Originally Posted by
Geezer
To be clear, I’d love someone to do what you, Lakey and others suggest - just make a new, possibly better, Eley Wasp.
But it won’t be a big manufacturer. It would be a small maker like Pax was, aiming at a very niche market. I just don’t know if the economics would make it a going concern. The pellet market is highly price-competitive (just look at how many threads on here, often from guys with £1000+ rifles wearing £300 scopes ask for the cheapest place to buy pellets).
On how many of the mythical 4 million are 5.6, I’ll argue the toss.
I’d suggest that 70-90% of BSA LJs, Airsporters, Webley Vulcans and all the other classic 9-12 ft-lbs classic sporting springers are .22”.
But the alleged 4 million will include huge numbers of Gats, RO71s, G10s, tinplate break-barrels, all .177”. In classic sporters, significant numbers of HWs, BSFs, FWB124/7s, Diana 35s and 50s - mostly in .22” but 5.5mm variety. Lots of 10M match guns, all .177”. IIRC, bell target is also traditionally shot with .177”. FT guys were all using .177” from around 1982-3. HFT shooters from the outset. .177” as a hunting calibre took off from the early 90s. That’s a long time ago (even if it feels like me like yesterday).

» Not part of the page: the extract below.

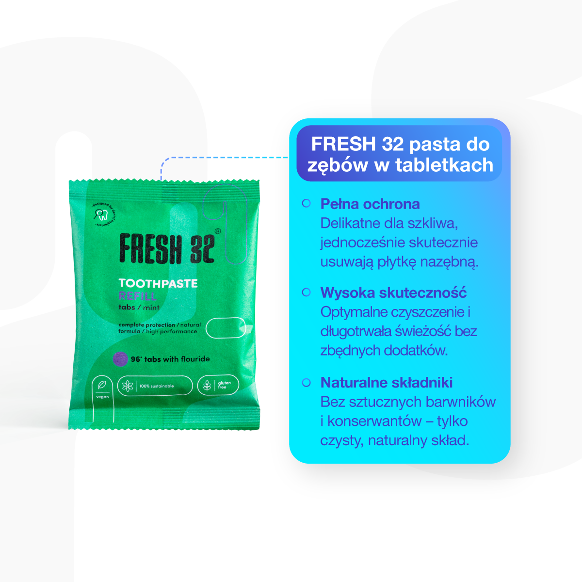 Wystarczy włożyć tabletkę pasty do ust, delikatnie ją przeżuć, a następnie rozpocząć szczotkowanie zębów szczoteczką FRESH 32. Tabletka lekko się spieni, zapewniając dokładne czyszczenie i świeży oddech. Po zakończeniu wypłucz usta jak zwykle.
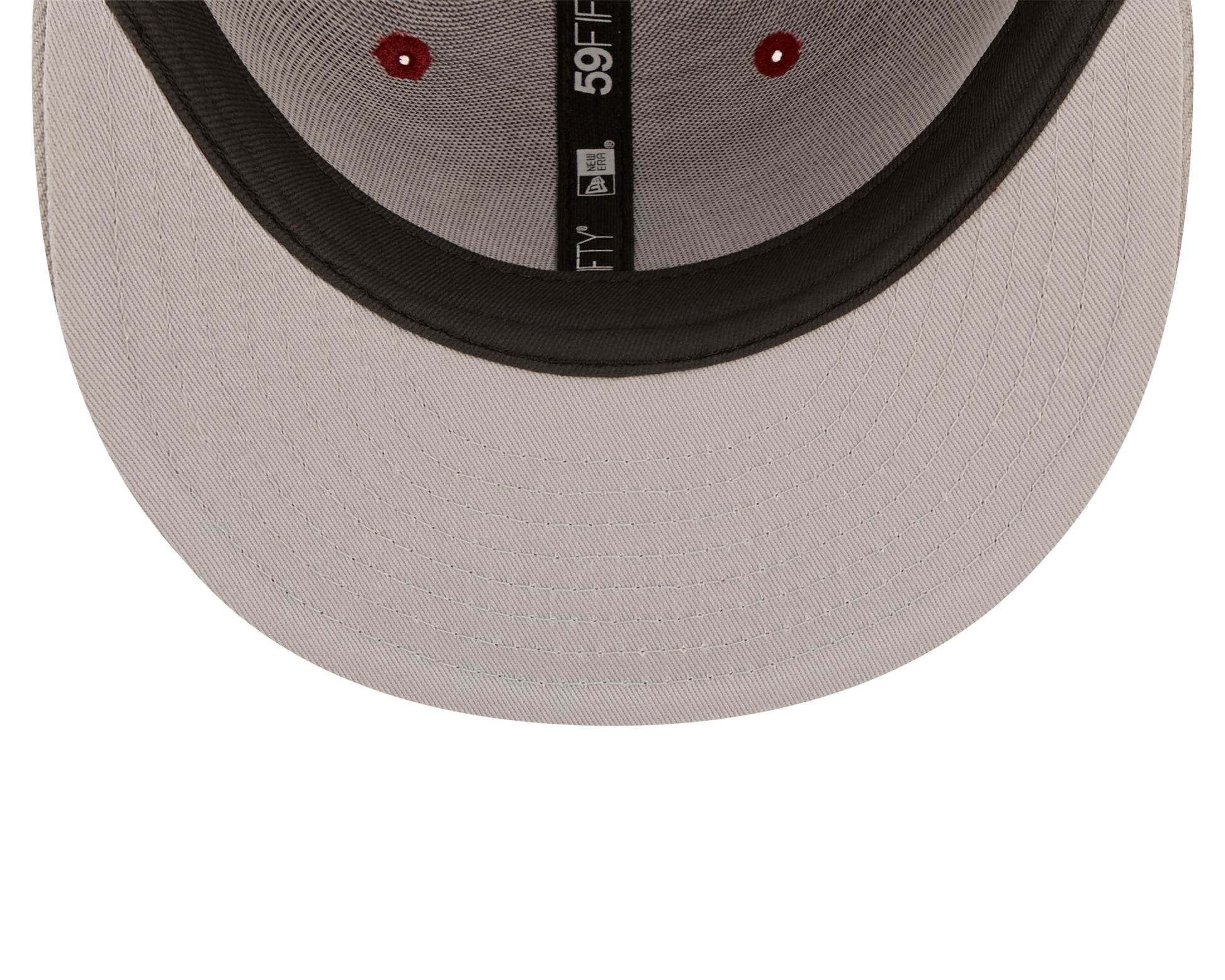 The 59FIFTY® cap is New Era's signature fitted cap. It is a structured cap with a flat visor, that has the ability to curve. The 59FIFTY® cap has a full crown and six panels. The cap has eight rows of visor stitching and a button on top.

Only a minority of airgun users are hunters. In many models, .22” was not offered. Where there was a choice, the lower cost of .177” pellets, or the rules of a target discipline, either made it a desirable choice, or mandatory.
Finally, I’d note that although Pax are now sold out of 5.6 Defiant, they still had them available as new old stock (perhaps slug-gun can confirm?) for at least a couple of years after they stopped making them.
That back of a fag packet analysis still suggests to me that the number of people who (a) own No2 bore guns, (b) shoot them much, (c) need/want the best level of accuracy from them, (d) know about the 5.6/5.5 thing, (e) don’t get decent performance from Superdomes or whatever is pretty darned small.